From rewilding to ‘wild’ swimming, nature has been hijacked by modern-day Marie Antoinettes

In the decade I defined recently in this column as the Troubled Teens, many words have changed their meaning. Now, it isn’t just old fogeys muttering darkly about verbal appropriation, as one lovely word after another falls to the monstrous regiments of the woke. I am, too.

“Brave” – once meant rescuing orphans from burning buildings; now means talking about one’s troubles in public. “Activist” – once meant getting out and about to help others; now means staying indoors on the internet screaming at people who think differently. “Community” – once meant a cheery group of neighbours getting together for street parties; now means a posse of peevish wallflowers going for gold in the Victimhood Olympics.

And now “wild” – a word which, predictably, I have a weakness for. The Cambridge Dictionary defines it as “uncontrolled or extreme” with the slang “unusual, often in a way that is attractive or exciting”. This is the wildness that produced numerous cultural artefacts: songs like Wild Thing, films like Wild At Heart, books like Where The Wild Things Are.

But in recent years there’s been a creeping encroachment of a version of the word which doesn’t mean life-affirming risk but rather self-denying caution – to quote Cambridge, “wild land is not used to grow crops and has few people living on it”. “Rewilding” predictably showed up in the woke Archers a while back when the rich old Archer matriarch Peggy awarded half a million pounds to a “rewilding” project.
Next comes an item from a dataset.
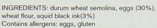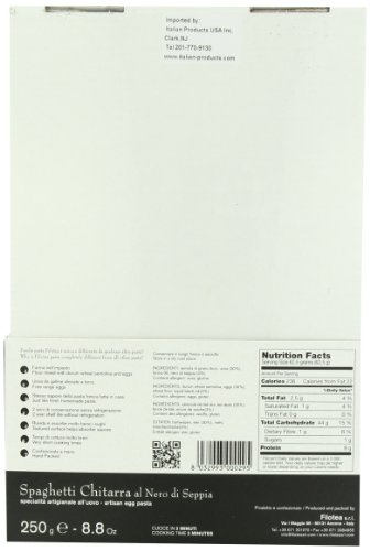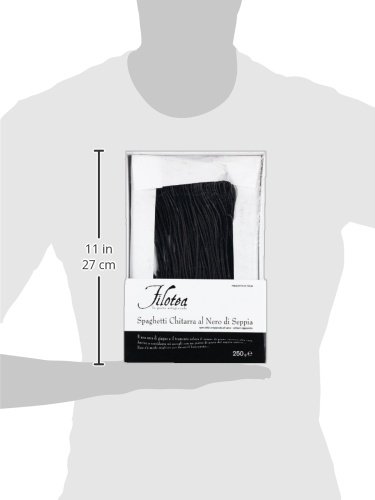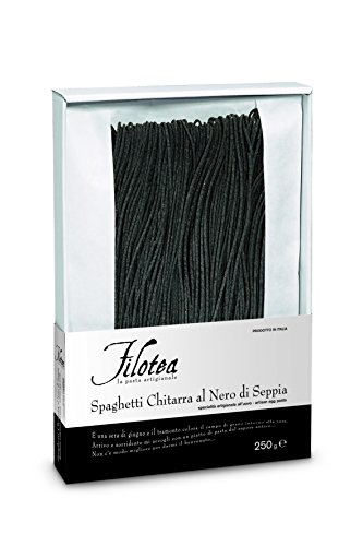 -. Binding : Grocery -. Brand : Filotea -. EAN : 8032993000295 -. Feature : Traditional handmade spaghetti alla chitarra mixed with squid ink. Cooking time: 3 minutes / Excellent visual impact and very delicate taste that pairs well with fish and seafood sauces / Bronze die manufacturing and slow drying process confer a rough and porous texture that preserves the taste and feel of fresh pasta. / All genuine ingredients: non-GMO, no additives, no preservatives / Artisan product of Italy -. IsAdultProduct : 0 -. Label : Italian Products -. Manufacturer : Italian Products -. Model : WF7330460 -. MPN : WF7330460 -. NumberOfItems : 1 -. PackageQuantity : 1 -. PartNumber : WF7330460 -. ProductGroup : Grocery -. ProductTypeName : GROCERY -. Publisher : Italian Products -. ReleaseDate : 2013-10-07 -. Studio : Italian Products -. Title : Filotea Egg Spaghetti Pasta, Black Squid Ink, 8.8 Ounce

Though it seemed an unlikely alliance at first, it’s worth remembering that “conservative” and “conservation” have a common root – and probably a manky old root thieved from common land and made into a stew, if the two-legged hedge-hogs have anything to do with it.

Lockdown, meanwhile, has exacerbated the craze for foraging as part and parcel of the wildness trend, along with wild swimming (swimming outside) and wild dining (dining outside) to the point where Epping Forest – once most notorious for dogging – has been rebooted as an Essex Eden, keen to share its opulent bounty with the furloughed.

You can see how plague-laden supermarkets might make outdoor scavenging look like the healthy way to get your five a day, but I’m not convinced. As a big people fan, I’ve never been overkeen on nature; when as a teenager I heard that there was a book called Against Nature, I became so thrilled I carried a copy around for a year, as though it was a trendy Etam handbag. This aversion stayed with me into adulthood, to the somewhat illogical point where, living in a house with fruit trees in the garden, I would leave them for the birds and buy apples from the supermarket, all nicely done up in plastic.

In recent years, commercial mushroom foragers in Epping Forest have been fined thousands of pounds for removing the fungi that supports ancient trees and serves as food for wildlife such as deer. I’ve never trusted mushrooms since I saw some growing on the bathroom carpet of a friend (reader, I married him!) and the idea of breaking the law in order to get your greedy paws on some does strike me as somewhat surreal. And the only forager I ever knew fell in a stagnant pond while reaching for blackberries, having scratched her arms and legs; soon after, she woke up with a brain infection and had to learn to walk all over again. Give me the concrete fields of the city any day, where you can see trouble coming.

As a counter-jumping meritocrat, I’ve always thought Nature best left to the posh; like them it doesn’t have a lot to say and clings blindly to an outdated “natural” order. Scratch a friend of the earth and find an enemy of earthlings; look how ecology movements are so white and bourgeois they make a Monday Club meeting look like the Reggae Sunsplash festival. Because rewilding is an attempt to go back in time, before pesky people and their petty desires to have a decent standard of living caused human habitats to blight the landscape.

“Gonna make it happen/Take the world in a love embrace” sang Steppenwolf in one of my favourite songs Born To Be Wild. Let the modern Marie Antoinettes keep their fellow humans six feet away while they gorge themselves on buckshee fungi; this fashion for “the wild” is an adventure only for the mild at heart.